I'm looking for a sitter now.


----------



## Crawdude (Feb 6, 2013)

I'll be there!


----------



## bstephenson1225 (Sep 3, 2014)

Looking forward to it.


----------



## bstephenson1225 (Sep 3, 2014)

oldstinkyguy said:


> Sat August 29th A Day on the River
> 
> At the Little Miami Conservancy's River and Trail Center located on the bike trail in Loveland.
> 
> ...


Is 211 Railroad Ave, Loveland, Ohio the correct address? I'm from Dayton area and not familiar with the location?


----------



## Salmonid (Apr 14, 2004)

bstephenson1225 said:


> Is 211 Railroad Ave, Loveland, Ohio the correct address? I'm from Dayton area and not familiar with the location?


 Bsteph, I have to leave right after lunch but if you want a ride and can leave or need to leave early Im headed down from South Dayton


----------



## bstephenson1225 (Sep 3, 2014)

Salmonid said:


> Bsteph, I have to leave right after lunch but if you want a ride and can leave or need to leave early Im headed down from South Dayton


I appreciate the offer. I may just follow you down there. Wanting to also hear OSG's portion.


----------



## Salmonid (Apr 14, 2004)

FWIW. I going to discuss ways to help you locate prime smallie waters, gonna throw some new terms your way, talk about how streams work, discuss types of waters and teach you how to up your map reading skills a few notches....

Salmonid


----------



## BMayhall (Jun 9, 2011)

I plan on being there. #FirstTimer


----------



## Gary P (Feb 19, 2012)

I'll plan on being there as well.


----------



## SMBHooker (Jan 3, 2008)

Tell me there will be a recorded pod cast...... I will even settle for a sock puppet show recap by House?


----------



## Bigguy513 (Jun 7, 2015)

I'll be there, but damn, Saturday afternoon... that could cut into my fishing time.


----------



## HOUSE (Apr 29, 2010)

SMBHooker said:


> Tell me there will be a recorded pod cast...... I will even settle for a sock puppet show recap by House?


I can set up a GoPro or a camera to record the video, but the last time I tried the audio didn't turn out. If someone has a digital audio recorder, I could splice the two together. I could do the sock thing, too


----------



## gibson330usa (May 15, 2012)

Unfortunately I can't make it, looking forward to the sock puppet thing.


----------



## Bigguy513 (Jun 7, 2015)

Like a grateful dead bootleg type deal?


----------



## Crawdude (Feb 6, 2013)

Bigguy513 said:


> Like a grateful dead bootleg type deal?

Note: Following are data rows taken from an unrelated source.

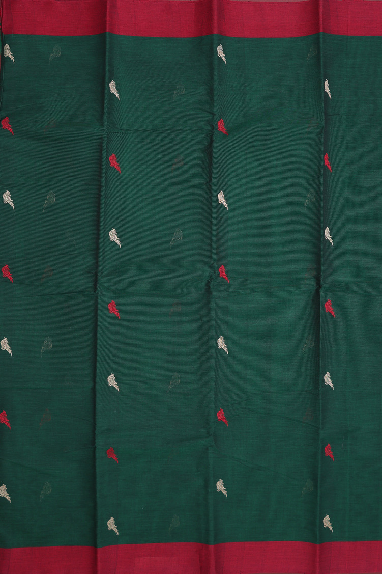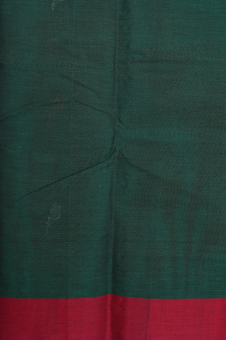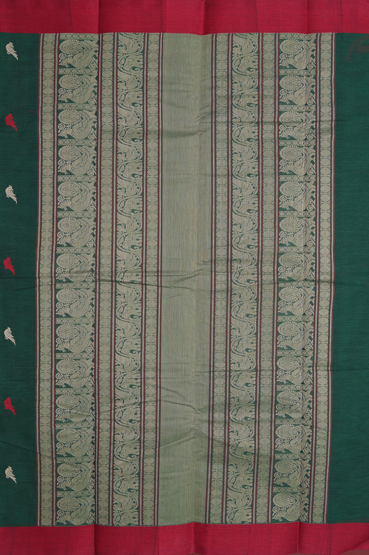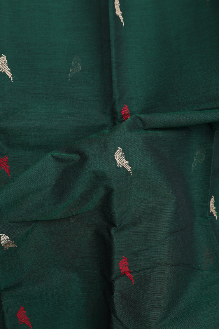 Chettinadu Cotton Saree In Forest Green With Parrot Buttas
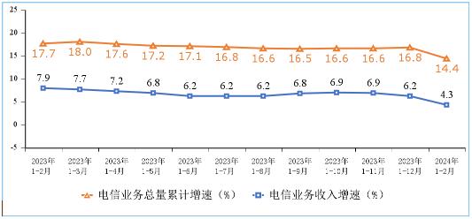 电信业务量收平稳增长。1—2月份,电信业务收入累计完成2923亿元,同比增长4.3%。按照上年不变价计算的电信业务总量同比增长14.4%。
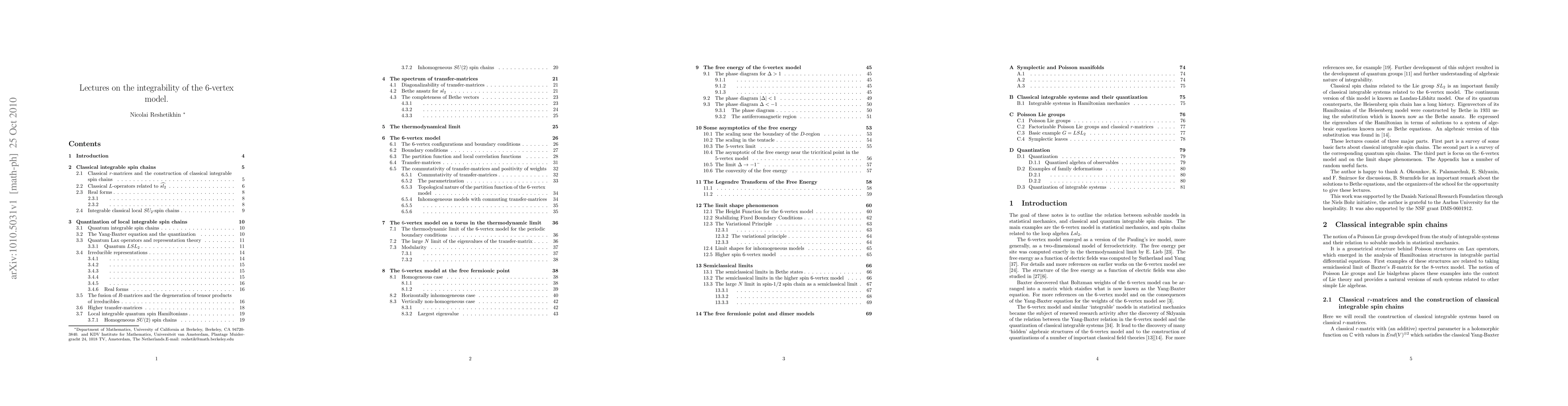 Summary: This paper provides an overview of the integrability aspects of the 6-vertex model in statistical mechanics, exploring its connections to related models and highlighting its mathematical and physical significance.
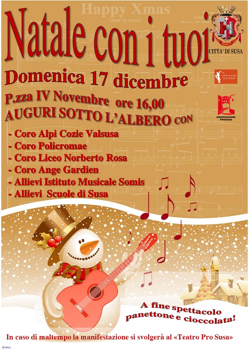 La Città di Susa, in collaborazione con l'Istituto Musicale G.B. Somis e l'Associazione Pro Susa, organizza "Natale con i tuoi ... Auguri sotto l'albero" in Piazza IV Novembre domenica 17 dicembre, a partire dalle ore 16.00.

I was thinking the same thing! Hahaha! You know House has to have a DAT machine. I can see him now, standing in front of the crowd with his arm stretched out holding a mic, doing the hippy dance to Salmonids words.


----------



## Bigguy513 (Jun 7, 2015)

Crawdude said:


> I was thinking the same thing! Hahaha! You know House has to have a DAT machine. I can see him now, standing in front of the crowd with his arm stretched out holding a mic, doing the hippy dance to Salmonids words.


----------



## Stampede (Apr 11, 2004)

I got a porch pass, see you there.


----------



## Crawdude (Feb 6, 2013)

Bigguy513 said:


> View attachment 192277


Ha!

What's up with the dude in the fly fishing uniform?


----------



## oldstinkyguy (Mar 28, 2010)

It's looking like Buckeye United Fly Fishers is going to be there as well. Not set in stone yet but maybe giving casting demos or something similar. They are the areas biggest fly fishing organization and have some guys that really know their stuff great guys to talk fly fishing to.


----------



## grubtrail (Feb 20, 2014)

@z


----------



## Tom 513 (Nov 26, 2012)

bstephenson1225 said:


> Is 211 Railroad Ave, Loveland, Ohio the correct address? I'm from Dayton area and not familiar with the location?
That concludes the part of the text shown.